A few discoveries mark major conceptual turning points in the story of exoplanet science:

  • 51 Pegasi b — the first planet confirmed around a Sun-like star.
  • Proxima Centauri b — the nearest known exoplanet, orbiting our closest stellar neighbour.
  • Kepler-186 f — the first Earth-sized planet discovered in the habitable zone of another star.
  • TRAPPIST-1 system — a compact system of seven rocky planets, several in the habitable zone.
  • TOI-700 d — an Earth-sized world confirmed by TESS in a star’s habitable zone.

Each of these reshaped how astronomers think about planetary systems — not as rare curiosities, but as diverse and abundant structures throughout the Galaxy.

Then and Now

Early in the field, astronomers relied on computer simulations and speculative illustrations to imagine what distant worlds might look like.

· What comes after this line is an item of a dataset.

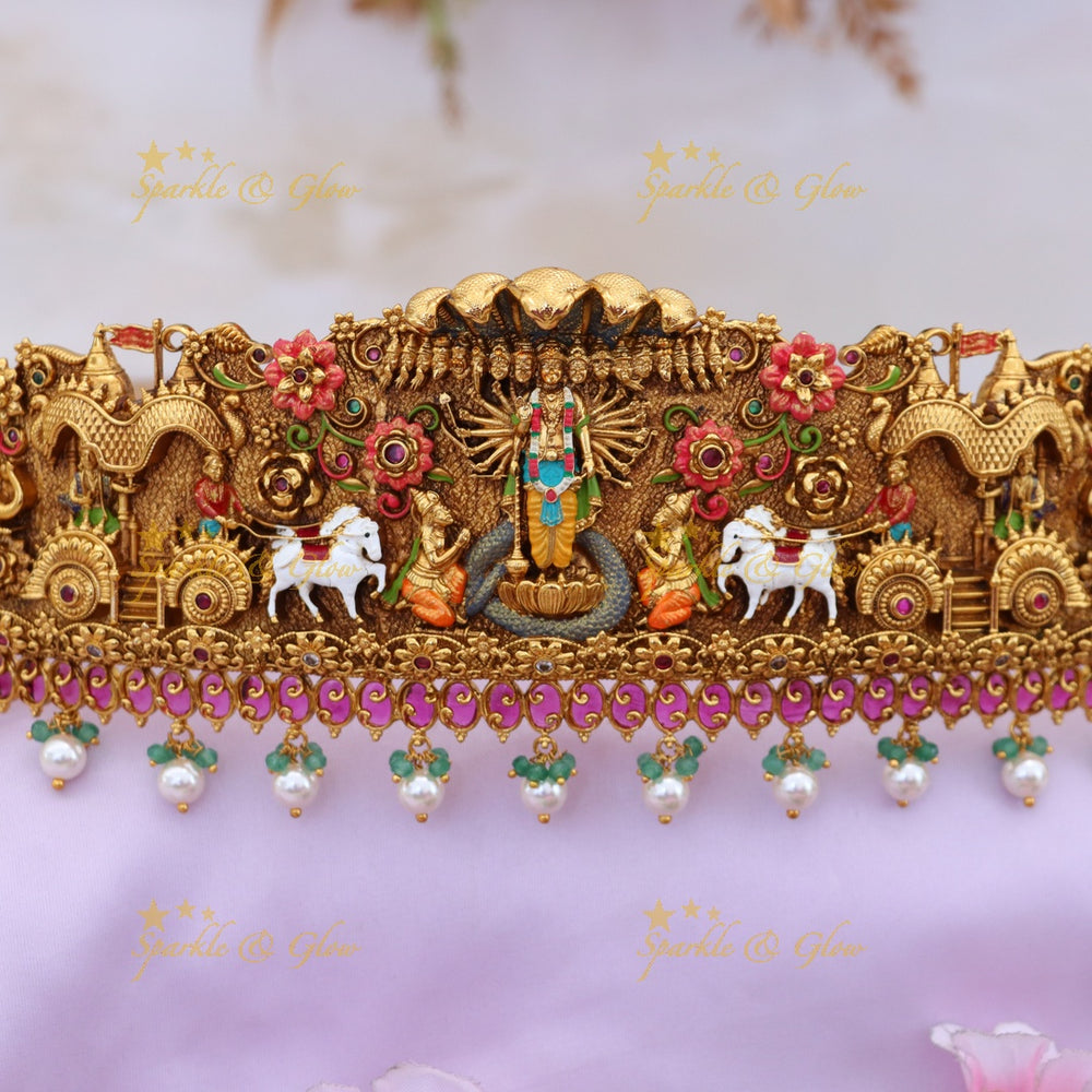 Indulge in the opulence of our new Exquisite Lord Vishnumurthy Hip Belt, and let every occasion become a memorable celebration of tradition and beauty.

Today, telescopes like JWST directly measure atmospheric composition. Giant observatories such as the ELT and Roman Space Telescope will soon image planets directly and harvest chemical fingerprints from smaller and colder worlds.

The field has matured from artistic imagination… into empirical measurement.

From Curiosity to Measurement

Scientific revolutions often begin with a single discovery.

Exoplanet science is rare in that it experienced many — in rapid succession.

  • 1992 — planets around a pulsar.
  • 1995 — a hot Jupiter around a Sun-like star.
  • 2009 — Kepler launches.
  • 2018 — TESS begins its all-sky survey.
  • 2022 — JWST opens the chemistry era.

In just one generation, the search for planets went from idea… to catalog… to atmospheric physics.

A New Relationship with the Cosmos

For most of history, people wondered whether other worlds even existed. Now the question is no longer whether planets are out there. It is:

  • What are they made of?
  • How do they form?
  • How do they evolve?
  • And in some cases… could anything live there?

Astronomy has crossed a threshold:

We no longer point at stars and imagine planets.

We measure them. We model them. We map their atmospheres.

The Solar System once seemed like the Universe’s template, but exoplanets have taught us otherwise. Nature builds worlds freely — not conservatively. There is no standard design, no single architecture, no typical planet. There are only outcomes of physics… played out across billions of stars.

And now, at last, we are reading the record.

You have completed this course having toured one planetary system in detail. And you now know something far more powerful:

Our system is not special.

But the fact that we can study others… is.